From the PRONI records that Jon_ni gave you a link for, it looks as if the baptism records for First Antrim Presbyterian have a gap (between 1792 and 1820) that excludes all but the youngest two of your five. Second Presbyterian is too recent. There don't seem to be records from the now disused Unitarian/Non Subscribing Presbyterian church. Mary Mackey, sister of Martha, my ancestor, and of Rev. Alexander, was previously a Unitarian, probably a member of that church, so I hope it was her family's church — "hope" because I'm hoping to hear, either from Antrim and Newtownabbey council or from Elwyn Soutter, about informative gravestone inscriptions. (Again, see that other topic on this board.) If I could go to Antrim, I would want to explore that graveyard,, but Elwyn says he's willing.

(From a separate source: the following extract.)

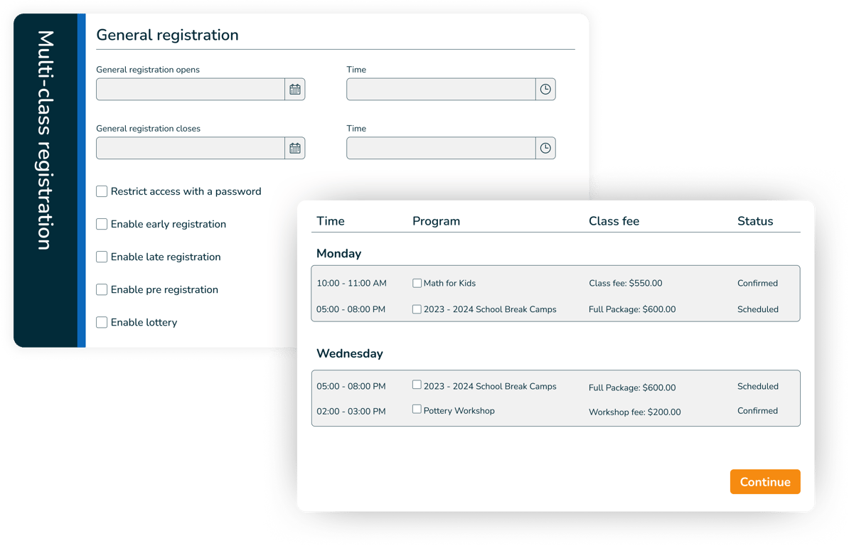Provide parents with an easy-to-use registration and payment system. parents browse class schedules online and enroll from the comfort of their homes or on the go. Offer your all the flexible payment options they need including automatic billing and payment plans.

Your Ancestry tree is excellent about posting sources. (Mine not so much, I'm afraid.) It's frustrating to get a hint from Ancestry about someone you're working on, and it takes you to another tree whose claims about that person are sourced only in yet another tree, and so on into a rabbit hole. But obviously many people use Ancestry just to store information for their own purposes, not thinking about help to others, and they are surely within their rights to do that.
Jon_ni, the Presbyterian history links you give in your second paragraph both induce my browser to warn me not to go to the sites; do you know what that's about?